Thankfully, the final act of the film fully establish and deliver the tone that I wish the entire film was able to present. Once it is able to get through the dramatic stuff that it was never really able to give any density, a charming and sweet ending redeems the film in a lot of ways. Overall, The Well-Digger’s Daughter doesn’t entrust any great future as a filmmaker for Auteuil, but it provides enough old-fashioned entertainment to please on the most minor levels.
HORS SATAN (France), directed by Bruno Dumont
I haven’t previously seen a film from director Bruno Dumont, but I understand he is a pretty divisive, controversial one. After seeing Hors Satan (Outside Satan), I can understand why. This is definitely a film you will either love or hate, and you might do both simultaneously.
In rural France, a mysterious uni-browed man (credited as “Le gars” or “the guy”) befriends a troubled young woman, protecting her from the men in her life. They don’t say much to each other, going on walks through the idyllic countryside, and their unspoken bond makes an interesting pairing. There isn’t a lot of dialogue or many characters, but the film still feels incredibly dense and puzzling. Much of the strangeness comes from the utter lack of context the film provides — the viewer is plopped into this world without any understanding of who the characters are, and you never really learn by the end. Most of my time watching Hors Satan was spent waiting for something big to happen — not exactly in the on-the-edge-of-your-seat way, but a waiting to see where the story was going way. Once the big things happen, they not only have great force, they also completely rearrange everything you thought you understood about the film and its characters.
David Dewaele plays “the guy,” one of the more enigmatic characters I’ve seen. He’s part Kit Carruthers and part Randall Flagg, a wanderer who brings death with him. Through much of the film, you don’t quite know if the guy is literally Satan or just an evil dude, and the film builds rather nicely over this mystery. As we see more of his actions and his capabilities, we can certainly rule out one of the two possibilities, but we are smartly never given all the answers. There are even hints that he may not be Satan, but something less malevolent, even with his evil acts. Dewaele’s performance is very good, though immensely aided by his strange looking face — he isn’t what I would consider an attractive person, but he gives off this strange magnetism that affects the people around him, much as a supreme being would.
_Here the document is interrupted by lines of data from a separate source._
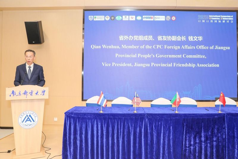 省對(duì)外友好協(xié)會(huì)錢文華副會(huì)長在致辭中指出,江蘇與多個(gè)國家和地區(qū)在教育領(lǐng)域的深度合作,提升了江蘇高等教育的國際化水平和國際影響力。12個(gè)國家的12所高校帶著各自獨(dú)特的文化底蘊(yùn)、學(xué)術(shù)傳統(tǒng)在南郵匯聚,相互交流、相互學(xué)習(xí),將進(jìn)一步推動(dòng)多元文化的碰撞與融合。他提出,希望聯(lián)盟成為知識(shí)創(chuàng)新的匯聚地,整合各方學(xué)術(shù)資源,開展聯(lián)合科研項(xiàng)目,攻克全球性科研難題,為人類社會(huì)進(jìn)步提供更多智力支持;希望聯(lián)盟成為人才培養(yǎng)的新高地,開展師生交換、聯(lián)合培養(yǎng)、學(xué)術(shù)競賽等多種形式的交流活動(dòng),提升跨文化交流能力和團(tuán)隊(duì)協(xié)作能力;希望聯(lián)盟成為文化交流的重要紐帶,各國師生深入了解彼此文化傳統(tǒng)、風(fēng)俗習(xí)慣和價(jià)值觀念,增進(jìn)相互之間的理解與信任,為國際友好合作營造良好氛圍。
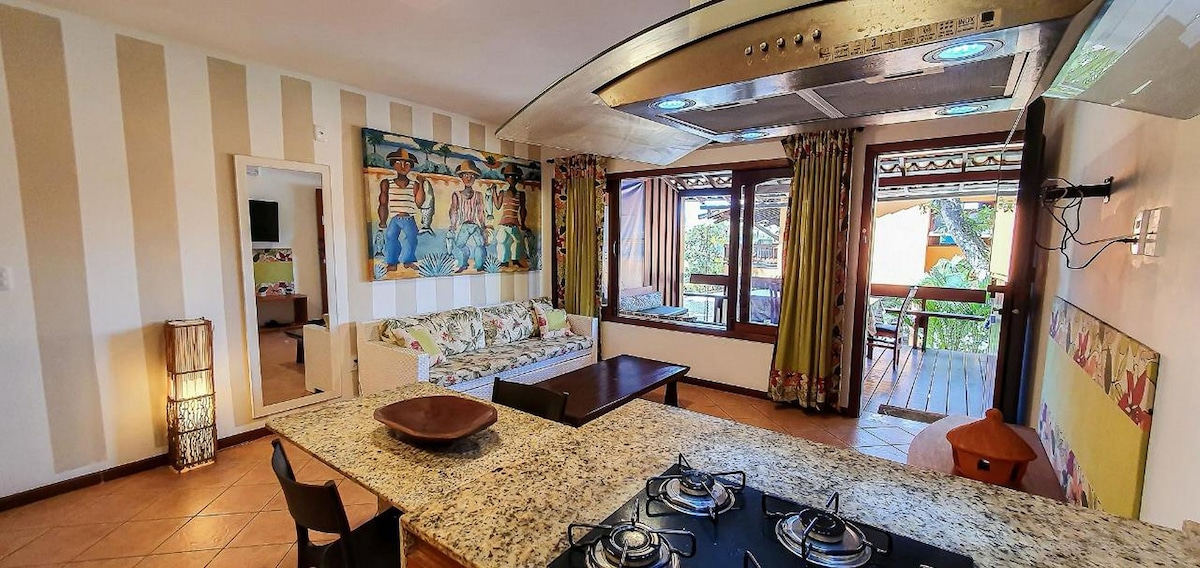 Aconchegante apartamento completo para 2/3 hospedes, em lindo e tranquilo condomínio fechado, muito bem localizado no centro de Arraial d'Ajuda bem próximo a vários tipos de comércios e a charmosa rua do Mucugê (5 min a pe), e possível deixar o carro no estacionamento e sair andando tanto durante o dia que a noite!!! O condomínio e construído sobre uma área em desnível, por tanto tem uma escadaria ao longo do caminho que leva até o apartamento (não recomendado para idosos).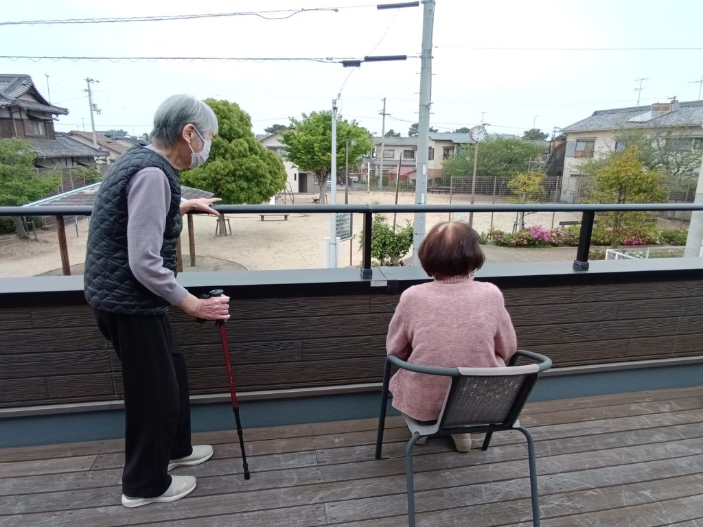 ウッドデッキに出て外の景色を観ながらお話を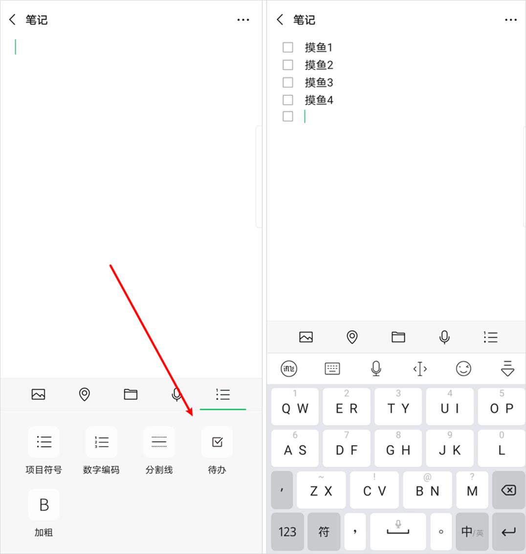 微信的笔记功能非常强大,可以插入图片、语音、位置等内容,右下角的「待办」功能还能用来写 To Do List,我每天上班之前都会在微信笔记里先写好自己的 To Do List。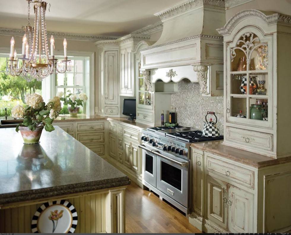 На кухне в прованском стиле можно оформить фартук с помощью маленькой мозаики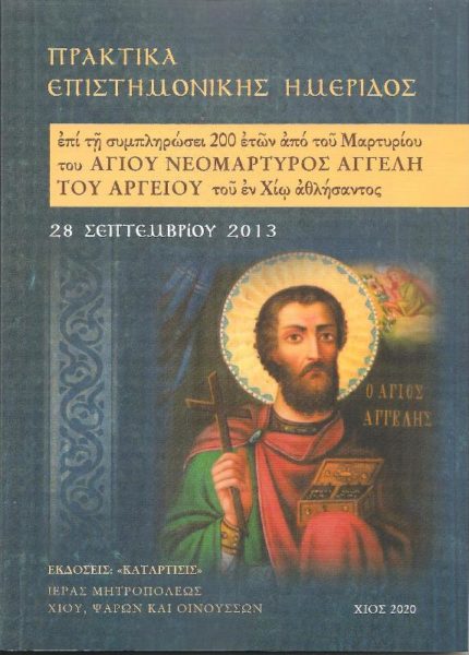 Με την Χάρη και την βοήθεια του Θεού, ο Οποίος «έδωκεν ανθρώποις επιστήμην ενδοξάζεσθαι εν τοις θαυμασίοις Αυτού» (Σοφία Σειράχ λη΄.6), η Ιερά Μητρόπολις Χίου, Ψαρών και Οινουσσών εξέδωσε τα Πρακτικά του Επιστημονικού Συνεδρίου διά τον Άγιον Νεομάρτυρα Αγγελήν τον Αργείον τον ιατρόν, τον εν Χίω αθλήσαντα, το οποίο διωργάνωσε με την συμμετοχή Ακαδημαικών, Πανεπιστημιακών Καθηγητών και άλλων Επιστημόνων το σωτήριον έτος 2013, επί τη συμπληρώσει διακοσίων ετών άπό του σεπτού μαρτυρίου αυτού (3 Δεκεμβρίου 1813).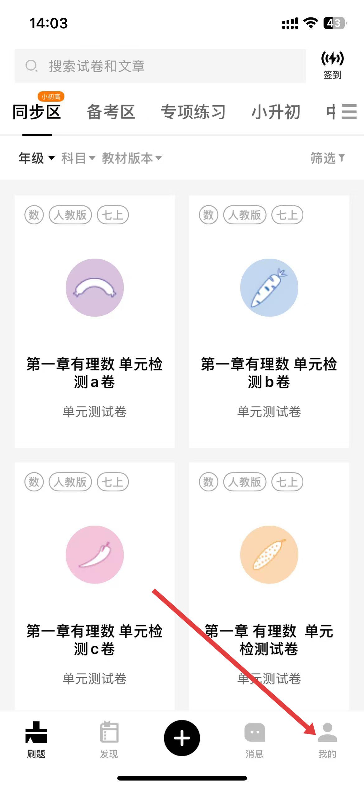 1、打開(kāi)瘋狂刷題APP,點(diǎn)擊底部導(dǎo)航欄中我的選項(xiàng),進(jìn)入個(gè)人中心頁(yè)面。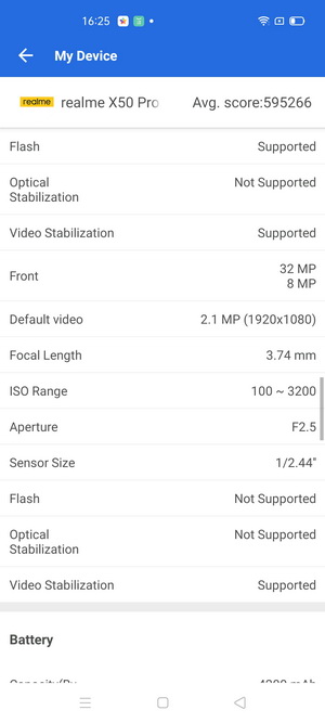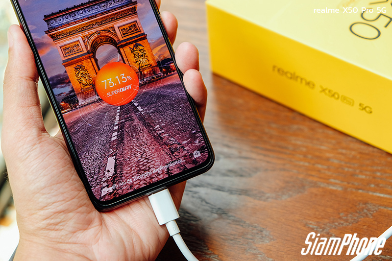 realme X50 Pro 5G มาพร้อมกับแบตเตอรี่ความจุ 4200mAh รองรับ 65W SuperDart ซึ่งได้รับการเคลมจากทาง realme ว่าสามารถชาร์จเต็ม 100% โดยใช้เวลาเพียง 35 นาทีเท่านั้น และเพียง 20 นาที ก็ชาร์จได้เกือบ 60% ด้วย ถือว่าแรงทั้งชิป และเร็วทั้งการชาร์จแบตเตอรี่ งานนี้เขาจัดมาเต็มจริงๆ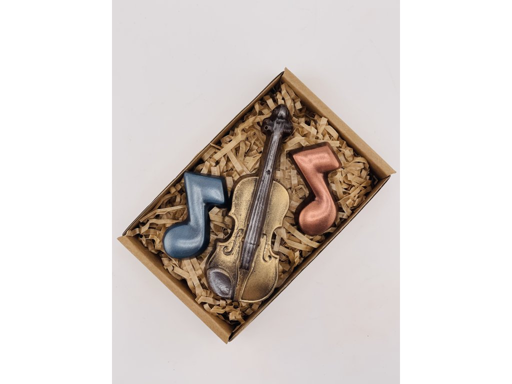 An original set of music notes and a violin made of excellent chocolate with a content of min. 58% cocoa.

The film is as enigmatic as its lead character, answering its questions with ambiguities that do little more than create new/different questions. And despite a few scenes displaying incredible curiosities, most of the film is anti-exciting. Hors Satan runs the risk of being too opaque and emotionally detached from itself, really straddling this line. I had a difficult time with the film, but I ultimately think it works on its own terms. It certainly makes me interested in Dumont’s other work — it any of it is as puzzling as Hors Satan, it’s probably worth watching, even if it’s tough to like.